String Conversion Convenience Functions
The IceUtil
namespace contains two helper functions that allow you to convert between narrow strings and UTF-8 encoded strings using a string converter:
std::string nativeToUTF8(const std::string&, const StringConverterPtr&); std::string UTF8ToNative(const std::string&, const StringConverterPtr&);
No conversion is performed when the provided string converter is null.
The IceUtil
namespace contains two additional helper functions that allow you to convert between wide strings and narrow strings using the provided string converters:
enum ConversionFlags { strictConversion, lenientConversion }; std::string wstringToString(const std::wstring&, const StringConverterPtr& = 0, const WstringConverterPtr& = 0, ConversionFlags = lenientConversion); std::wstring stringToWstring(const std::string&, const StringConverterPtr& = 0, const WstringConverterPtr& = 0, ConversionFlags = lenientConversion);
When the narrow string converter given to wstringToString
is null, the encoding of the returned narrow string is UTF-8. When the wide string converter given to wstringToString
is null, the encoding of wide string parameter is UTF-16 or UTF-32, depending on the size of wchar_t
.
Likewise for stringToWstring
, when the wide string converter is null, the encoding of the returned wide string is UTF-16 or UTF-32 depending on the size of wchar_t. When the narrow string converter given to stringToWstring
is null, the encoding of narrow string parameter is UTF-8.

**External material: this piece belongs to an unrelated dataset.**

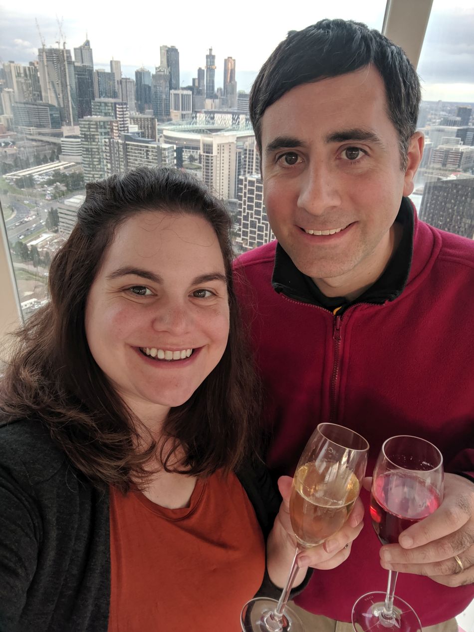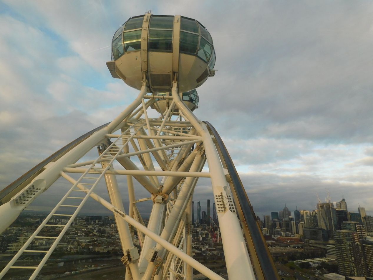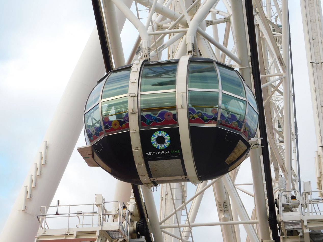 We were treated to wonderful views of Melbourne from the top of the wheel, the perfect time to drink a toast and enjoy our glasses of champagne. Melbourne's skyline was easily visible a couple of miles off to the east, with more new buildings under construction with their accompanying cranes. Off to the south, we were able to look far out into Port Phillip Bay, if not quite far enough to see where it narrowed to a point before opening up into the waters of the Bass Straight. In the opposite direction, we could look to the north far enough to see the "cheese stick", the yellow steel beam known as an iconic local landmark that we'd passed on the road into the city the day before. Even if the setting sun was somewhat obscured by clouds, this was a perfect way to close out our day of sightseeing, and a great choice for our final surprise activity.

When using the built-in converters (through null parameters), byte sequences that are illegal, such as 0xF4908080
, result in a UTFConversionException
. For other errors, the ConversionFlags
parameter determines how rigorously the functions check for errors. When set to lenientConversion
(the default), the functions tolerate isolated surrogates and irregular sequences, and substitute the UTF-32 replacement character 0x0000FFFD
for character values above 0x10FFFF
. When set to strictConversion
, the functions do not tolerate such errors and throw a UTFConversionException
instead:
enum ConversionError { partialCharacter, badEncoding }; class UTFConversionException : public Exception { public: UTFConversionException(const char* file, int line, ConversionError r); ConversionError conversionError() const; // ... };
The conversionError
member function returns the reason for the failure:
partialCharacter
The UTF-8 source string contains a trailing incomplete UTF-8 byte sequence.
badEncoding
The UTF-8 source string contains a byte sequence that is not a valid UTF-8 encoded character, or the Unicode source string contains a bit pattern that does not represent a valid Unicode character.